Canada and the U.K. have laws restricting masks from being worn in protests or riots. In the U.S., masking laws vary by state; in several states, it is an offense to wear a mask with the intent to harass or intimidate another person.

There are appropriate uses for masks, such as for safety in a professional context — including, for example, journalists covering a story that could put their safety at risk, or protection of individuals with compromised immune systems. Also, masks have been used throughout history to preserve the anonymity of individuals who are speaking out against oppressive regimes, and these individuals legitimately need protection from potentially fatal consequences of a regime’s suppression of dissent.

But in the U.S., this does not apply to individuals who deliberately threaten and intimidate others while hiding behind masks. Many organizations advocate for support of individuals engaging in “peaceful” protests, but the tenor and intent of the past year’s protests have been far from peaceful.

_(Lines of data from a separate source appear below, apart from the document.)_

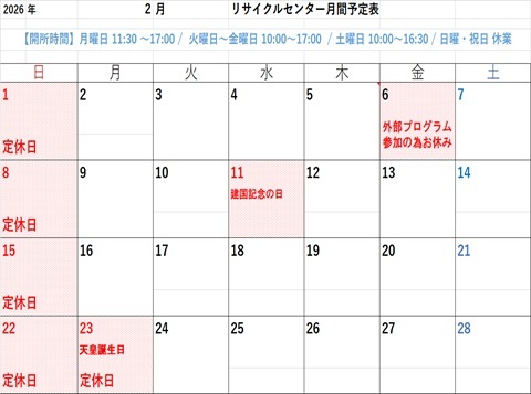 リサイクルセンターすとぉりぃの2月カレンダーを掲載します。今年もまだ始まったばかりと思っていても、季節のイベントは次々やってきます。気持ちよく乗りこなしていきたいですね。すとぉりぃでも可愛いひな人形が皆様をお待ちしております。お雛様、お内裏様に是非会いに来てください!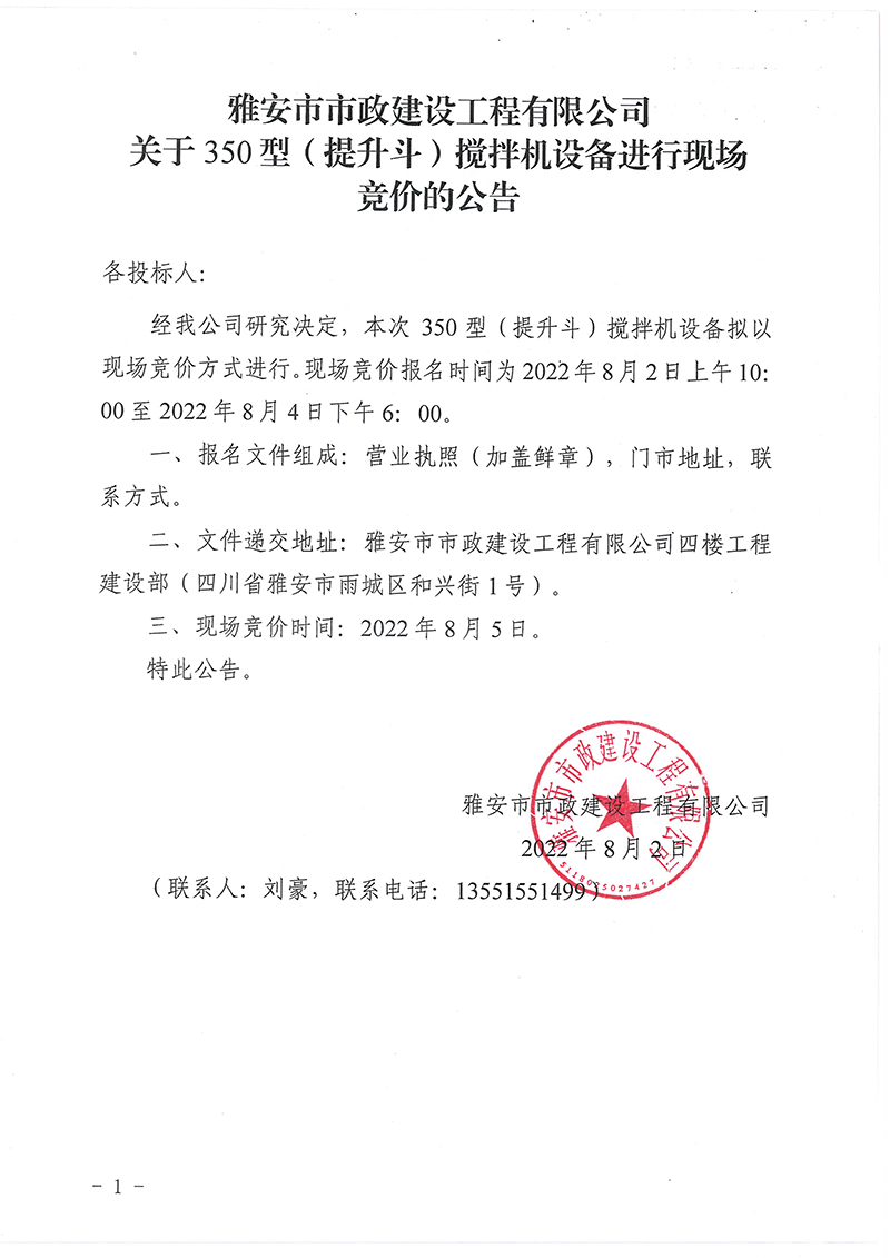 關(guān)于350型(提升斗)攪拌機(jī)設(shè)備進(jìn)行現(xiàn)場(chǎng)競(jìng)價(jià)的公告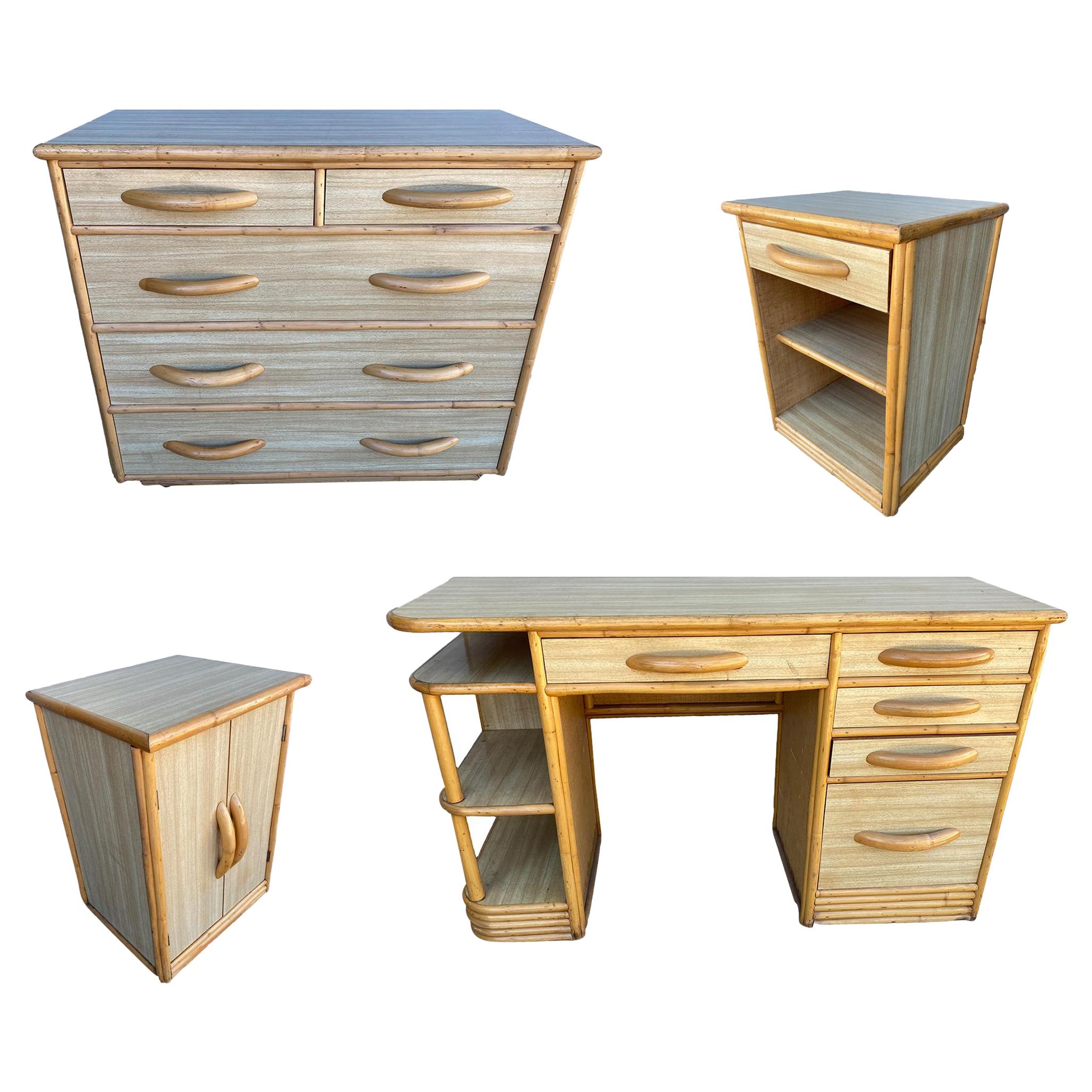 Midcentury Formica and Rattan Bedroom Set with Rattan Pulls at 1stDibs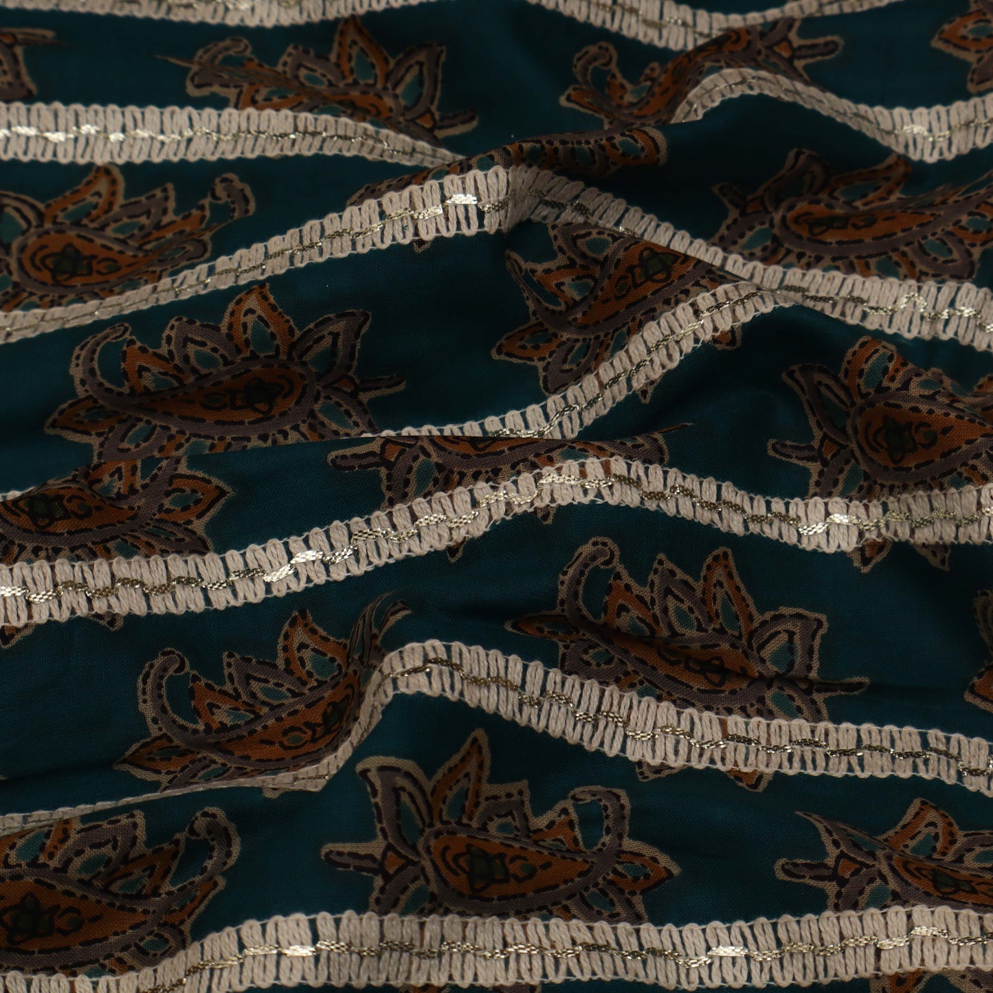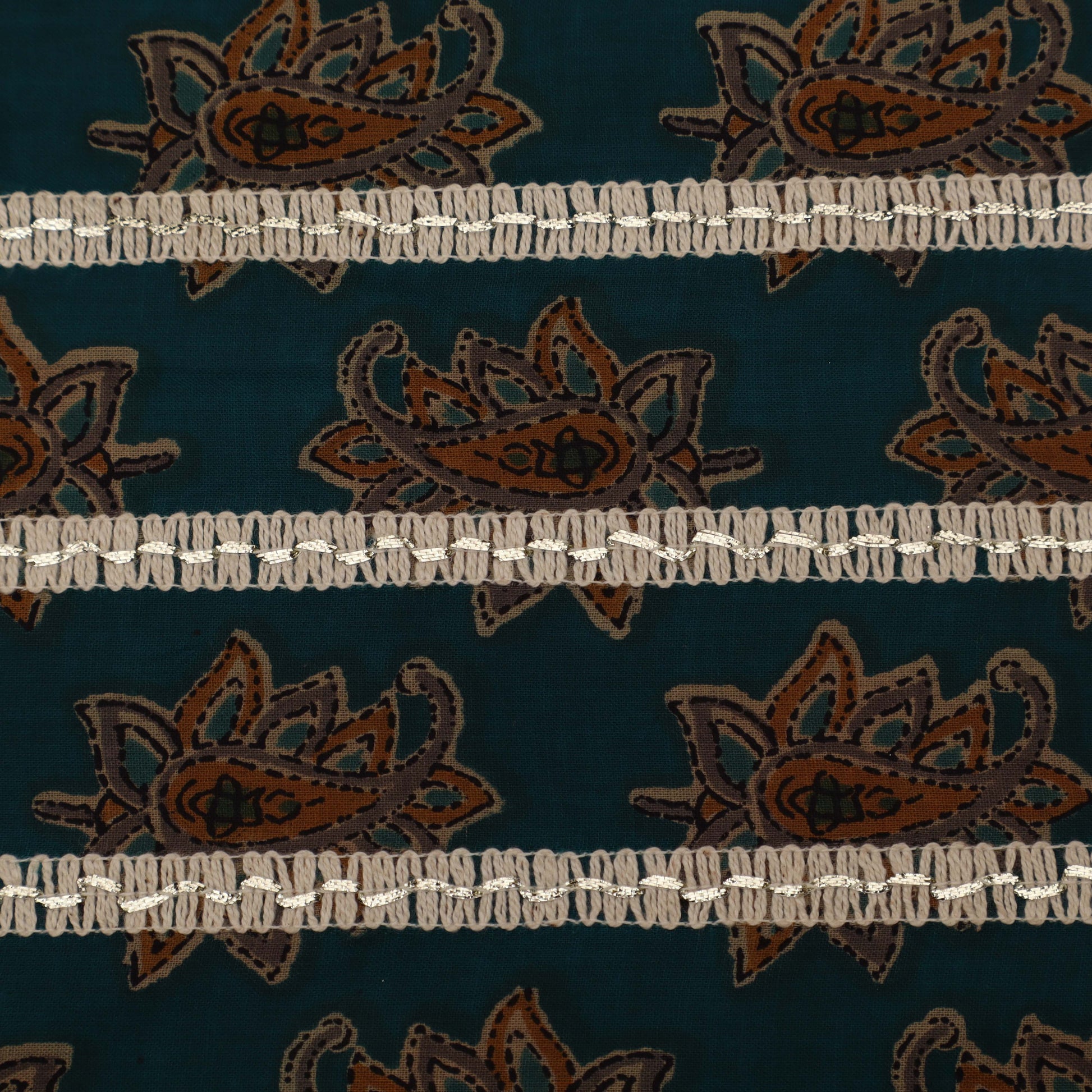 This Colored Cotton Gota Work Fabric is expertly crafted to provide a luxurious and stylish addition to any garment. Made with high-quality cotton and adorned with intricate Gota work, this fabric exudes sophistication and elegance. With its vibrant colors and impeccable craftsmanship, it is perfect for creating unique and eye-catching designs.

Protesters claim that they wear masks for fear of being “doxxed” or having their identities exposed. But isn’t protesting an expression of one’s identity? When people stands up for what they believe in, shouldn’t they also take responsibility for doing so? 

Let us promote the power of speech, and let us not mask the power of intimidation.

Elyse R. Park, Ph.D., MPH is a professor of psychiatry and medicine at Harvard Medical School.